An Overview of dbt for Beginners

Transform data reliably with SQL and YAML files

Hennie de Harder
12 min readJul 1, 2023

--

Are you often dealing with data that is inconsistent and inaccurate? Are you working on complex data transformation pipelines and looking for ways to track changes to your code and easily roll back to previous versions? Do you want to collaborate on the data pipeline with data engineers, data analysts or other stakeholders?

If your answer to one of the questions above is yes, and you aren’t using Data Build Tool (dbt) yet, this post can help you. It will explain why dbt might be the tool for you and gives a short introduction on how to set it up, different components of dbt and how to schedule dbt jobs.

What is data build tool and how can it help you?

First things first. The modern data stack is a term you might have heard about. In essence, it refers to a collection of tools used to collect, process, store, and analyze data on a cloud-based data platform. It has major benefits: tools are easy to scale, easy to deploy and each tool is a configurable component. Instead of ETL, the data is loaded before it is transformed in a fully automated ELT pipeline. The advantage of doing this is that you only need to transform the data when you are going to use it.

Modern data stack with often used tools. This post focuses on dbt (transformation part). Image by author.
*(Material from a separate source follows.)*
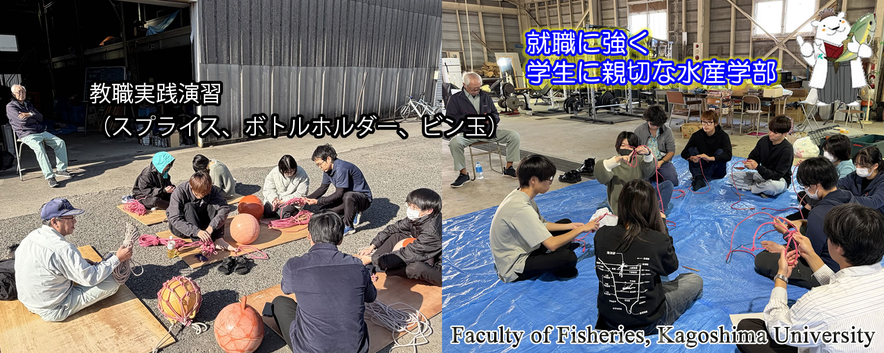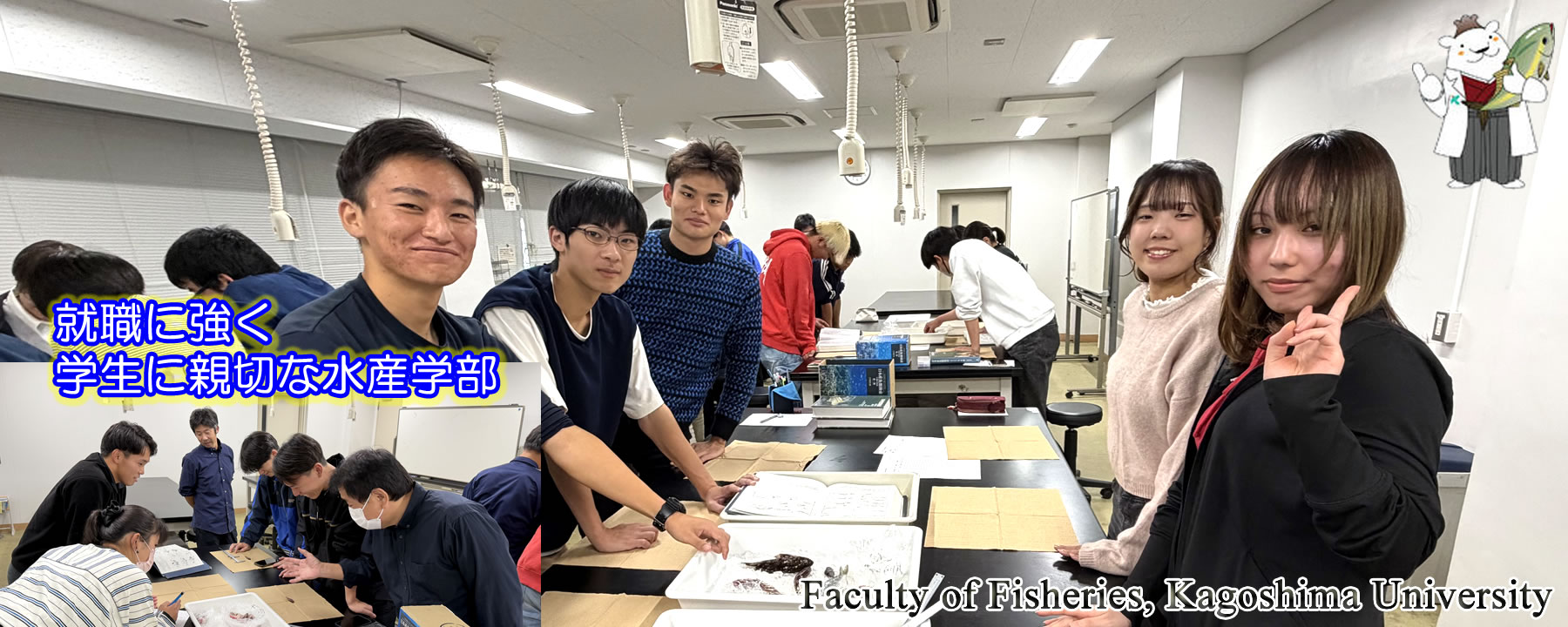 NEWS INFORMATION 2025/12/16教職員公募情報について【教職員、練習船】すべて 2025/09/17令和8年度鹿児島大学水産学部附属練習船 かごしま丸の共同利用の公募についてすべて 2025/03/28令和8年度入学者選抜(令和7年度実施)における選抜方法等について入試情報 MORE TOPICS すべて イベント 公開講座 国際 地域 学生 江籠遥香さん(食品生命科学分野4年)が日本水産学会九州支部大会にて支部長賞を受賞2025年12月11日かごしま丸が北里大学の学生を対象とした共同利用乗船実習を実施しました2025年12月5日水産学部3年生の秋山 航さんが学長表彰を授与されました2025年12月3日かごしま丸が宮崎大学の学生を対象とした共同利用乗船実習を実施しました2025年11月28日MORE鹿大理工学研究科学部技術部主催の第151回地域連携活動 「ものづくり体験教室2025」に水産学部技術部が参加しました2025年8月8日2025年度 夏季オープンキャンパスを開催しました2025年8月7日川内市内水面漁業協同組合による研修受け入れ2025年2月10日鹿児島大学水産学部附属練習船「かごしま丸」の出航式を開催2023年8月18日MORE内之浦小学校でイセエビ講座を実施しました2025年9月8日かごしま丸で宮崎大学の学生および小学生を対象とした防災学習と船内見学会が実施されました2025年3月28日公開講座「親子で冒険!かごしまの海2019」を開催しました2019年8月1日公開講座「海の生物の不思議~ダイオウイカを知ろう~」を開催しました2019年7月29日MOREかごしま丸が北里大学の学生を対象とした共同利用乗船実習を実施しました2025年12月5日特別講演会「東南アジアにおける水産業の現状と課題」を開催しました2025年10月22日熱帯水産学国際連携履修プログラム 海外派遣がスタート!2025年10月22日2025年度 ILP サマーセッションの閉講式が実施されました2025年9月29日MOREかごしま丸が宮崎大学の学生を対象とした共同利用乗船実習を実施しました2025年11月28日鹿児島市立八幡小学生が校区探検で水産学部を見学2025年11月25日島根県隠岐諸島・西ノ島町と漁業技術交流会を行いました2025年9月30日内之浦小学校でイセエビ講座を実施しました2025年9月8日MORE江籠遥香さん(食品生命科学分野4年)が日本水産学会九州支部大会にて支部長賞を受賞2025年12月11日かごしま丸が北里大学の学生を対象とした共同利用乗船実習を実施しました2025年12月5日水産学部3年生の秋山 航さんが学長表彰を授与されました2025年12月3日かごしま丸が宮崎大学の学生を対象とした共同利用乗船実習を実施しました2025年11月28日MORE

How does dbt relates to the modern data stack? As you can see in the image above, dbt is the go-to tool for the data transformation part of the ELT pipeline. Dbt uses SQL and YAML to define the transformations. It is really easy to use, even if you have limited programming experience. Dbt is designed to be modular and extensible, allowing users to create their own macros, custom scripts, and plugins. This makes it easy to customize dbt to meet specific needs and integrate with other tools in the data stack. Another great part of dbt is that it comes with built-in testing and documentation functionality.

If you are still not convinced using dbt, a big pro of dbt is that it is build with software engineering principles in mind: you can manage your code with a version control system like Git, so it is possible to collaborate easily and test in a safe, isolated environment before deploying to production.

Setting up dbt

How can you set up dbt? Well, it’s easy! Below are the steps you should take to set it up locally:

Step 1. Set up a database you want to use
Dbt can run with many different data platforms, like Snowflake, BigQuery or Postgres. You can try to finish the set up with Snowflake. They have a free trial available. You can create an account on their sign up page. But feel free to use another platform that suits your use case.
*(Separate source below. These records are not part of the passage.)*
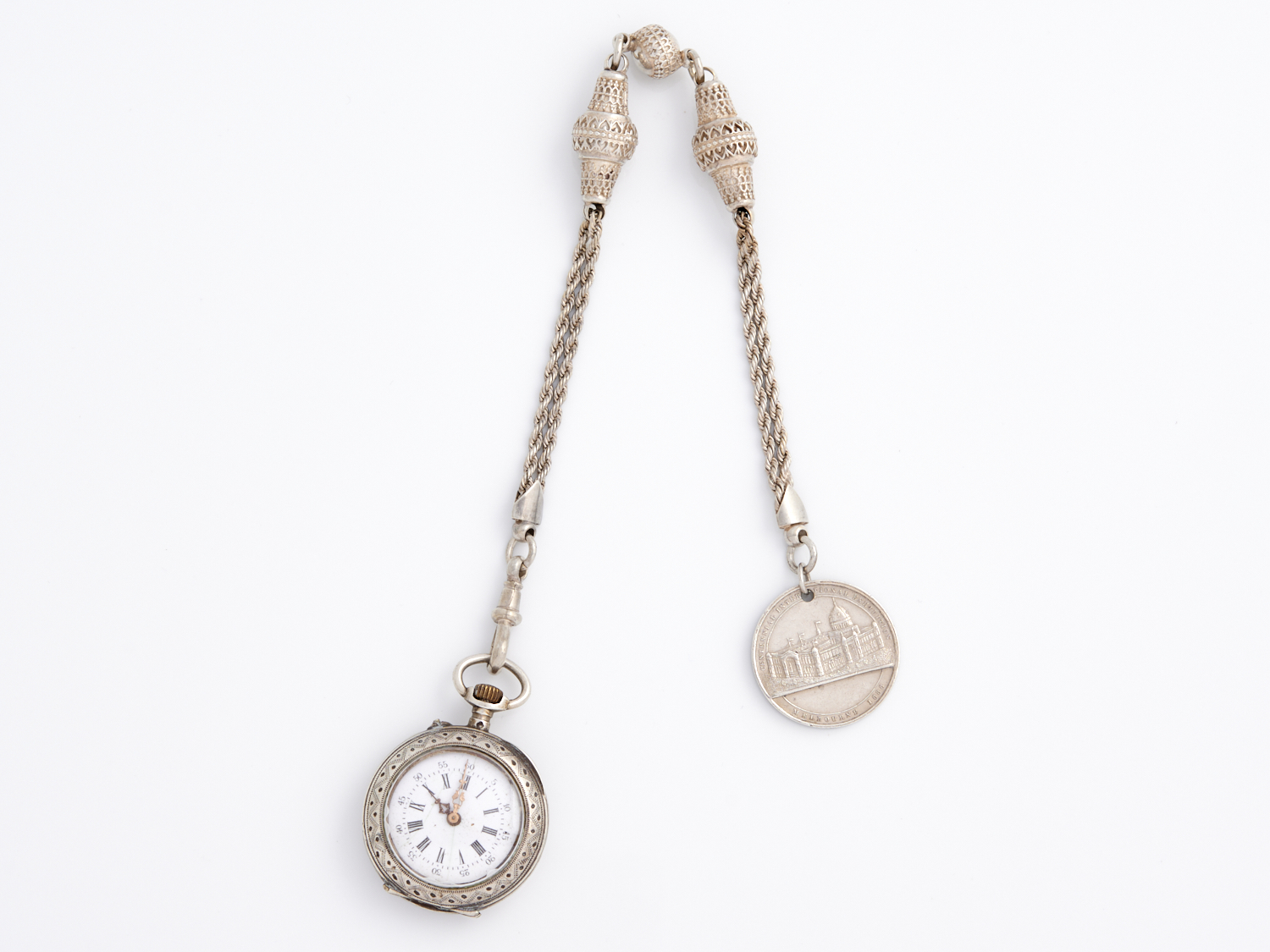 AN ANTIQUE ALBERTINA TO A FOB WATCH AND 1888 MELBOURNE EXHIBITION MEDAL IN SILVER, APPOXIMATELY 122MM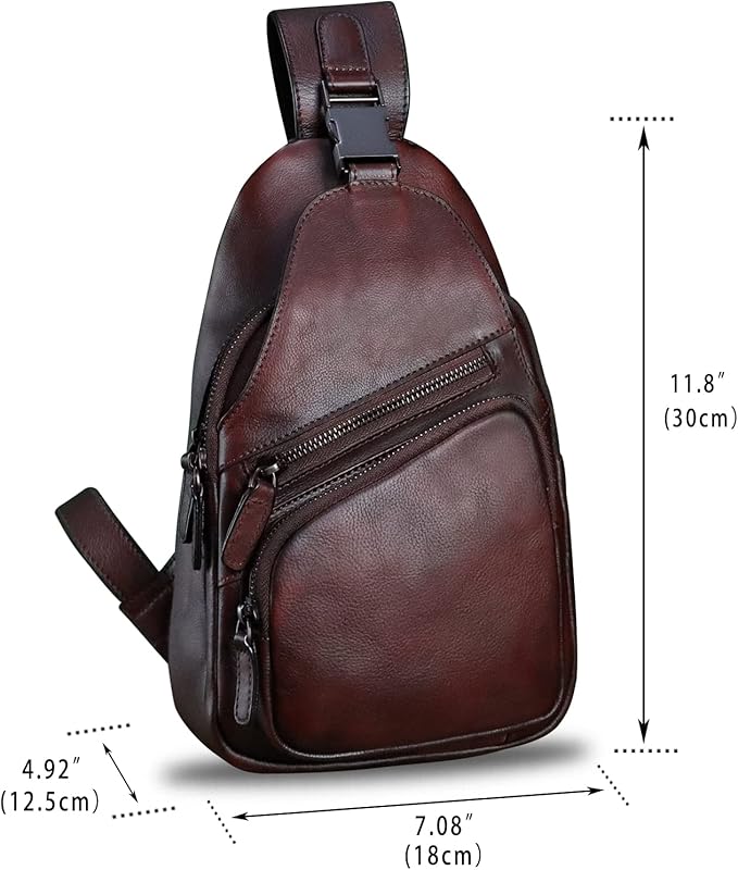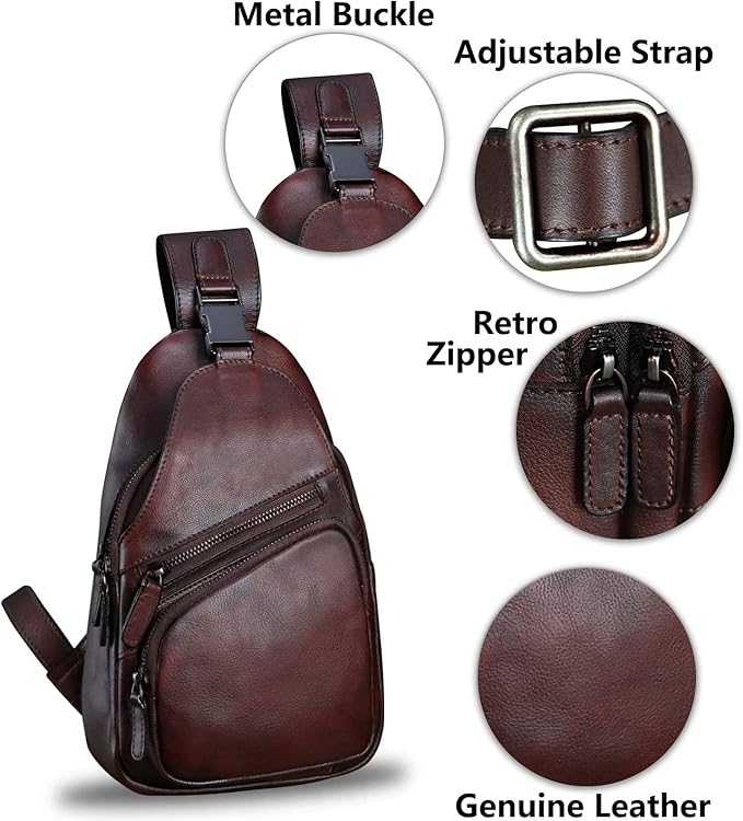 Genuine Leather Sling Bag Crossbody Purse Handmade Hiking Daypack Motorcycle Bag Retro Shoulder Backpack Vintage Chest Bag (Coffee)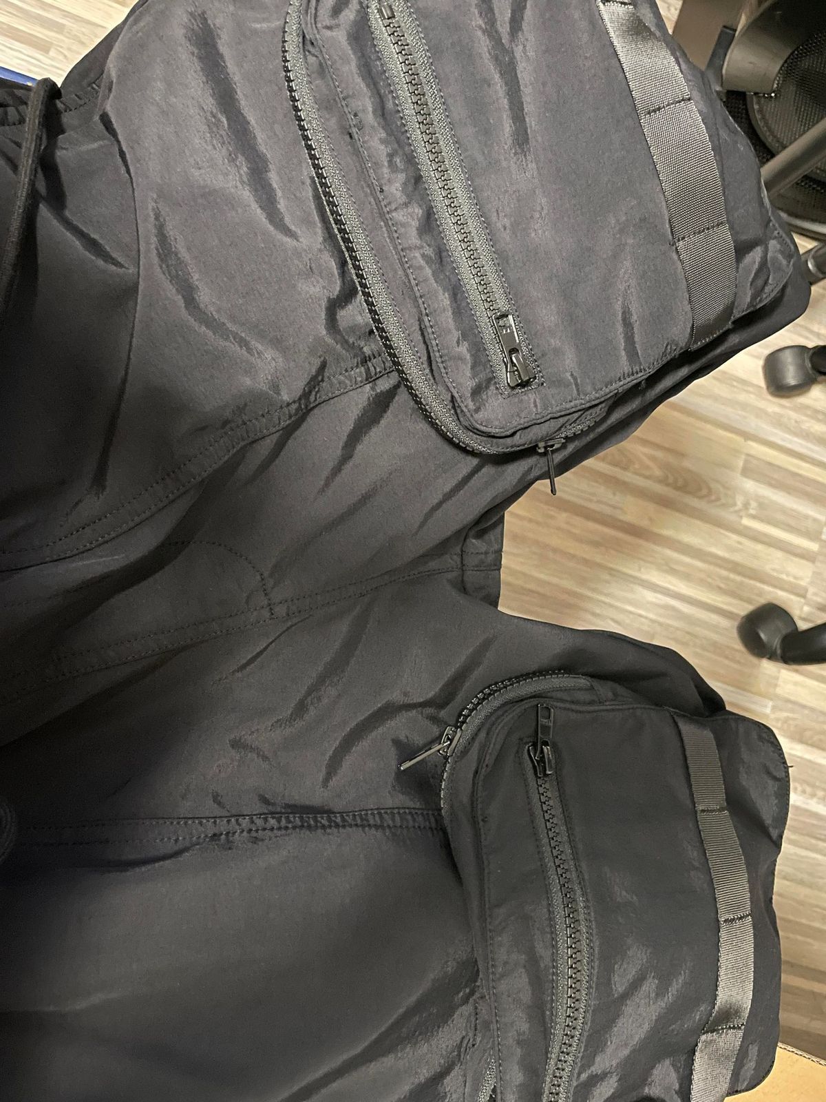 Very thin fabric, decent quality. Feels very plastic-y, and the pockets don’t bend around the legs; they instead stick out to the sides. Very easily adjustable at the top and bottom with built-in straps.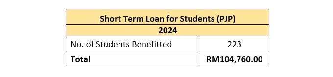 UTeM students also receive financial assistance from Short Term Loans (PJP), where in the year 2024, a total of 223 students have received benefits from this loan involving an amount worth RM104,760.00.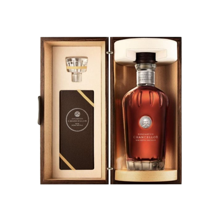 Diplomático Chancellor represents the pinnacle of Venezuelan rum masters and one of the most exclusive projects of the Diplomático brand. This premium rum with an alcohol content of 47% is created from the most complex pot stills and the oldest reserves, which have been matured in several types of oak barrels. The result is a deep and elegant distillate with an extraordinary structure. The country of origin of Venezuela gives it a characteristic fullness and tropical complexity, while the producer Diplomático confirms its reputation among the most respected rum producers in the world.

Step 2. Create a local folder with the name of the project and install a virtual environment
Run the following lines at the terminal:

mkdir <project_name>
cd <project_name>
virtualenv venv
. venv/bin/activate

Step 3. Install dbt with pip
The next step is to install dbt with pip. If you don’t use Snowflake, but e.g. BigQuery, you have to replace dbt-snowflake with the correct adapter name.

pip install dbt-snowflake

Step 4. Create a dbt project and connect it to Snowflake
Almost done! The last step is to run dbt init <dbt_project_name> to set up the connection.

For this step, you need to provide the account name, database, password, role, schema, threads, user and warehouse. You might need to create a user, warehouse and role if you started with a fresh db.
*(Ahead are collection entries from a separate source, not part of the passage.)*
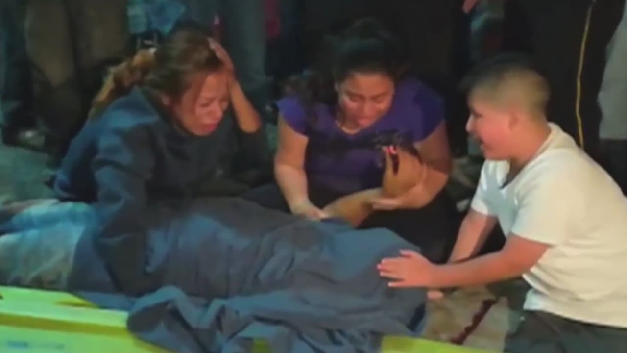 Desgarrador momento en que una madre y sus hijos ven el cadáver del padre de los menores acribillado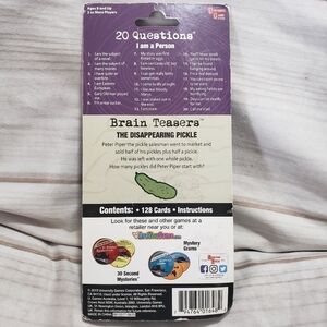 Challenge your mind and have fun with the University Games 20 Questions Brain Teasers Game. This family game is perfect for 2 or more players and features cards with various mystery, mind, and logic puzzles. The game includes cards with brain teasers from different themes and will keep you entertained for hours.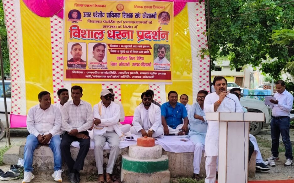 यूपी के कौशाम्बी जिले में विद्यालय मर्ज किए जाने और प्रधानाध्यापक पद के सरप्लस किए जाने के विरोध में जिलाध्यक्ष अनिल सिंह के नेतृत्व में प्राथमिक शिक्षक संघ ने जिला बेसिक शिक्षा अधिकारी के कार्यालय पर विशाल धरना प्रदर्शन कर मुख्यमंत्री उत्तर प्रदेश सरकार को संबोधित ज्ञापन डीएम मधुसूदन हुल्गी को सौंपा है।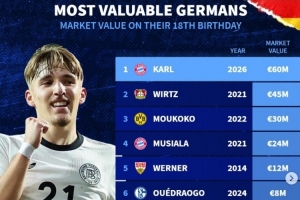 德国18岁球员身价榜:卡尔居首,维尔茨、穆科科、穆西亚拉列前四

You can test your connection with the dbt debug command. If it runs without errors you are good to go!

If this is your first project, dbt will create the .dbt folder (usually in the user folder). The .dbt folder contains the profiles.yml file, here you can check the profile and edit it if you like. This file is kept separated from the project, so no passwords will be accidentally send to git.

If you have trouble setting up a correct profile, make sure you created the right user, role and compute warehouse in the database itself, and grant access to the user. Here you can find more info about setting up a profile for dbt and different platforms.

A cloud setup is even easier. Sign up through this link and you can directly start setting up the connection to a database of your choice.

Components of dbt

Everything is set up, and inside your project folder a new folder is created that will contain all the dbt code. Inside it, you find different folders, like analyses, macros, models, and so on.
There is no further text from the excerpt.